Announcing church staff resignations can be a tricky thing, depending on the circumstances that lead to the employee’s departure.
Church members support the church mission, through their tithes and offerings, so naturally like to be aware of things that are going on and have a vested interest in the decisions that a church makes.
When organizations proactively communicate, they are able to control the rumor mill, miscommunication and misinformation.
The great thing about it is that people who are involved in a church, enjoy talking about ministry happenings and, when given information, can be a great advocate for the church.
Churches employ all different levels of employees and some have a higher profile than others. The more responsibility an employee has, the more important it is to have a strategy for communicating a change in leadership.
The circumstances that lead to the departure of an employee is another consideration, but it is important to know when is it appropriate to make a church-wide communication.
Change in Church Leadership
Leadership within a church affects how the ministry operates and warrants sharing information about changes with the congregation.
Since church leaders interact with volunteers and members, it is always good to announce when a leader is departing, and to introduce the new leadership with specifics about job responsibilities.

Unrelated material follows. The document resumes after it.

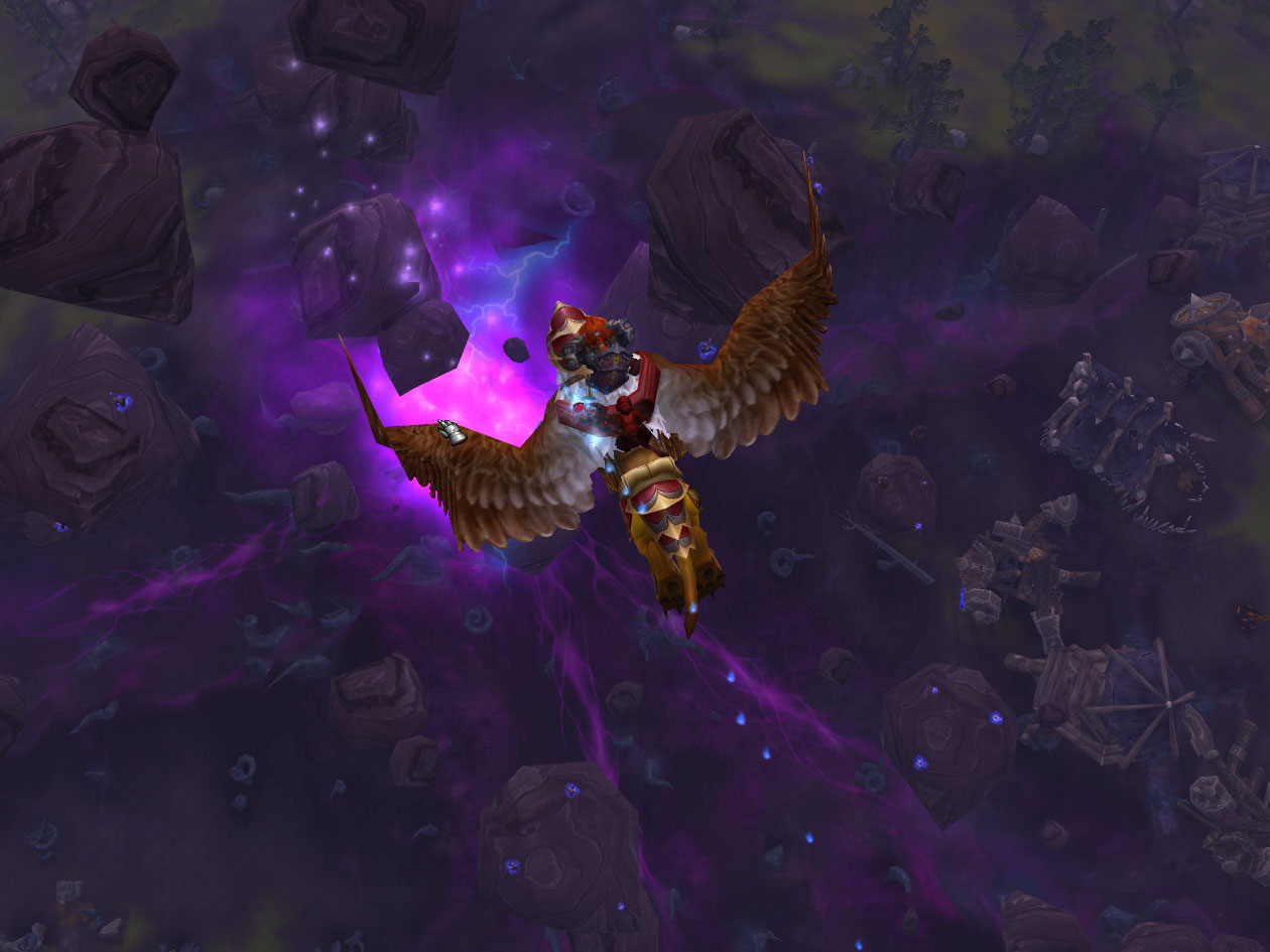 Today I bought the stronger spellthread patterns and then realized I needed 85 to get it. Bleh. I went off to Twilight Highlands to quest. I liked this flying one, where you kill the Twilight guys on the rocks. I first tried to kill them myself on the stones in the air, but after being knocked off twice I went back to get the gryphon.
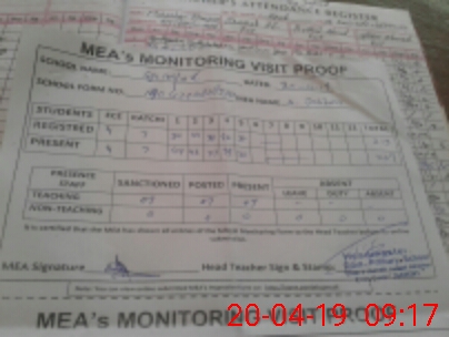 | Attendance Register | Head Teacher | MEA with School | Visit Proof |

This step helps to orient the new person and gives the congregation a chance to interact and ask questions.
This type of communication may not be as important for employees that help with custodial duties, or the receptionist, as someone in a leadership role that interacts with church members and volunteers.
To determine what needs to be communicated, ask the question, how much interaction and influence does this person have with church members and volunteers? If the influence is significant then there should be a formal communication.
What that communication looks like can vary depending on the culture of the church and the person’s level of influence.
If the church is acclimated to technology, an email blast or text may be appropriate. If not, a letter sent to the home may be appropriate.
Sometimes a pulpit announcement is in order, it just depends on the culture and organizational norm.
When it comes to church communication, you can never communicate too much and most organizations don’t communicate enough. The trick is to answer the questions before they are asked, which helps establish credibility with members, volunteers and employees.